Mapping cancer transcriptomes with long-read sequencing

Stephen Kazakoff⁰, Pamela Mukhopadhyay⁰, Futoshi Kawamata¹, Catherine Bond⁰, Katia Nones⁰, Akinobu Takeomi¹, Vicki Whitehall⁰, Ann-Marie Patch⁰
(0) QIMR Berghofer Medical Research Institute
(1) Hokkaido University Graduate School of Medicine, Sapporo

Find me on Tues Nov 24th, 1:40-3pm AEDT in Remo, table 93

Abstract
Whilst tissue-specific transcript expression is highly regulated during the stages of development, dysregulation in cancer cells can lead to aberrant transcriptional signaling and increased variation of transcripts. The variation may lead to a selective advantage to the cancer cells, contribute to the hallmarks of cancer and affect tumour treatment response. Although short-read RNA-Seq has been widely used in cancer genomics to quantify gene expression, emerging long-read technologies can now be used to sequence full-length transcripts. This ability enables the profiling of cancer transcriptomes and identification of potential disease biomarkers and treatment targets.

We used the PacBio RS II and Sequel II platforms to generate long reads from RNA extracted from colorectal cancer (CRC) samples from four patients. The samples from each patient comprised primary CRC tumour, liver metastases and matched normal colon tissue. The data was processed using the PacBio IsoSeq3 analysis pipeline to generate high-quality full-length mRNA transcripts. Transcript variation was assessed by comparison of splice junctions in cancer and normal datasets aligned using minimap2 (v2.17). Matched RNA-Seq was used to verify splice junctions and publicly available RNA-Seq provided independent frequency data of splice junction used in pan-cancer cohorts.

An average of 31,000 and 5,000 full-length transcripts were identified per sample using the Sequel II and RS II platforms, respectively. By comparing the RS II data to the GENCODE v31 gene model an average of 73% of transcripts matched annotated splice junctions and approximately 25% had unannotated splice boundaries. A novel spliced transcript was also identified and was verified using matched short-read RNA-Seq. The sequence could be uniquely placed in the genome and BLAST searches of nucleotide and protein databases did not return significant hits across 44 vertebrate species (including human). We also could not find any evidence of expression at the genomic locus in human GTEx data. To identify if this transcript was expressed in other cancers short-read RNA-Seq from eleven TCGA projects was accessed totaling 4357 samples.
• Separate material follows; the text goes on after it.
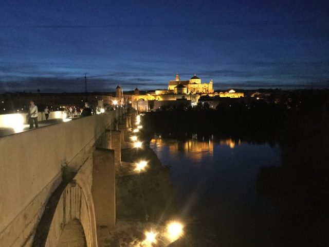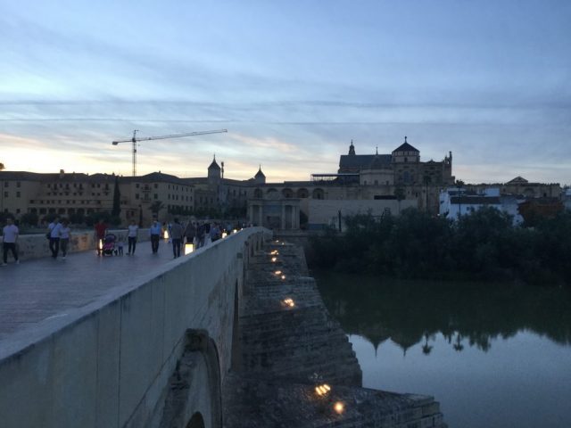 まずは、コルドバのへそ「プエンテ・ロマノ(ロマノ橋)」へ。午後九時でこの明るさ(写真四枚目)。これからいよいよ「バル&レストランのはしご」に出発!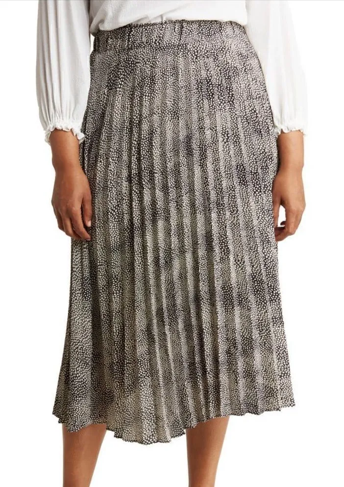 T Tahari Dotted Pleated Skirt A-Line Cream Black Mini Skin Size 1X. A-Line silhouette. pleated throughout. Elastic waistband. Perfect for work! NWT Career, office, work, professional, mature, sophisticated, business, careerwear, Lagenlook, modest, minimalist, industrial, normcore, practical, basic, solid, coastal grandma, minimal, simple, modern, classy, classic, timeless, neutral, retro, grannycore, grandmacore, mid century modern, mcm, old school, nostalgia, nostalgic, mod, Dark academia, preppy, nerdy, country club, school girl, romantic, flowy, soft, Victorian, feminine, girly, indie, hipster, gypsy, folk, shabby chic, folklore,

Expression of the unannotated gene was detectable in >10% of cases from TCGA CRC, breast, endometrial and oesophageal samples. Analysis of data from the more recent Sequel II platform provided detection of transcripts at a higher resolution allowing determination of allele-specific and somatic driver mutation isoform expression.

We show that long-read sequencing of cancer transcriptomes can be used to identify patterns of cancer-specific splicing events, cancer driver mutation expression, allele-specific expression and novel cancer-specific transcripts. We also show that publicly available RNA-Seq data can be used to verify and identify the frequency of these events in a given cohort. Further work could support somatic transcript splice junctions as disease biomarkers.